Thin accessory points present on the primary claws (Fig. 3C, D); secondary claws each with rounded basal thickening (lunule) (Fig. 3C); a long cuticular bar is present under the claws I–III (Fig. 3B).

Remarks.

The paratypes are similar to the holotype in both qualitative and quantitative characters (Table 3).

Etymology.

The specific name sandrae is in honour of Dr. Sandra J. McInnes (Cambridge, United Kingdom), who kindly improved the English of many of our papers.

Differential diagnosis.

Milnesium sandrae  sp. n. is compared with other species of the genus having six peribuccal lamellae, smooth cuticle (without pseudopores, reticulum, tubercles or gibbosities), and the [3-3]-[3-3] claw configuration. The new species differs from all these species, except Milnesium eurystomum  , by having a different value of the pt index of the stylet supports insertion point (58.0-60.5 in the new species, over 62 in the remaining taxa) and other characters, which are indicated in detail in the following comparisons.

Milnesium sandrae  sp. n. differs from Milnesium eurystomum  and Milnesium bohleberi  by having a cylindrical instead of a funnel-shaped buccal tube.

Milnesium sandrae  sp. n. differs from Milnesium brachyungue  by a higher buccal tube width pt index; a higher pt of both the primary and secondary claw lengths, and lower percent ratio values between the secondary claw and primary claw lengths (Tables 3 and 2, and Figs 3BC and 2B); this ratio difference is particularly marked for legs IV where the ratio values of 70.4-71.4 for Milnesium sandrae  sp. n. compare with 81 in Milnesium brachyungue  (Tables 2 and 3).

The new species differs from Milnesium asiaticum  by having a higher pt of the buccal tube width; a higher pt of the secondary claw lengths (particularly on the legs I–III), and a higher percent ratio between the secondary claw and primary claw lengths on all legs (Tables 2 and 3).

Milnesium sandrae  sp. n. differs from Milnesium antarcticum  by having a shorter buccal tube with respect to the body length; a higher pt index of the buccal tube width; higher pt of the insertion point of the stylet supports on the buccal tube (58.0-60.5 in Milnesium sandrae  sp. n., 70.0-73.7 in Milnesium antarcticum  according to Tumanov 2006); higher pt indices of the secondary claws, and higher values of the percent ratio between the secondary claw and primary claw lengths (Tables 3 and 4, Figs 3B, C and 2D).

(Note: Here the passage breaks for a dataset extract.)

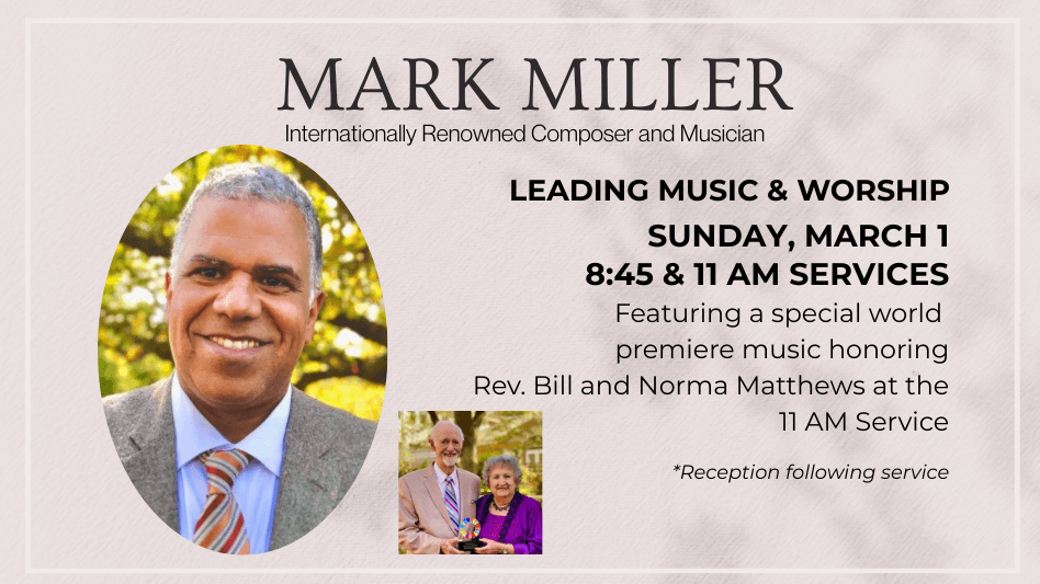 Looking ahead, mark your calendar for Sunday, March 1, when composer and church musician Mark Miller will lead us in worship and premiere a new musical work honoring Rev. Bill Matthews and Norma Matthews. That evening, Mark Miller will also present a free concert titled Let Justice Roll at 6:00 pm at UPUMC, featuring the choirs of University Park UMC and Greenland Hills UMC. Save these dates and join us as we celebrate the power of music to deepen faith, inspire justice, and bring our community together.

The new species differs from Milnesium longiungue  by having accessory points; by having lower pt values of the primary claw, and by a higher percent ratio between the secondary claw and primary claw lengths on all legs (Tables 3 and 4).

The new species differs from Milnesium zsalakoae  in having accessory points and a higher percent ratio between the secondary claw and primary claw lengths on all legs. The difference is particularly marked in claws IV where the pt ratios are 70.4-71.4 in Milnesium sandrae  sp. n. and 47.2-48.6 in Milnesium zsalakoae  (see: Meyer and Hinton 2010).

Milnesium sandrae  sp. n. differs from Milnesium barbadosense  by higher pt of the secondary claw lengths and by higher values of the percent ratio between the secondary claw and the primary claw lengths on legs I–III (Tables 3 and 4).

Milnesium sandrae  sp. n. differs from Milnesium minutum  by having a larger body size; shorter buccal tube with respect to the body length; a higher pt of the secondary claw lengths and higher values of the percent ratio between the secondary claw and primary claw lengths. This difference is less marked in legs IV (Tables 1 and 3; Figs 1 and 3).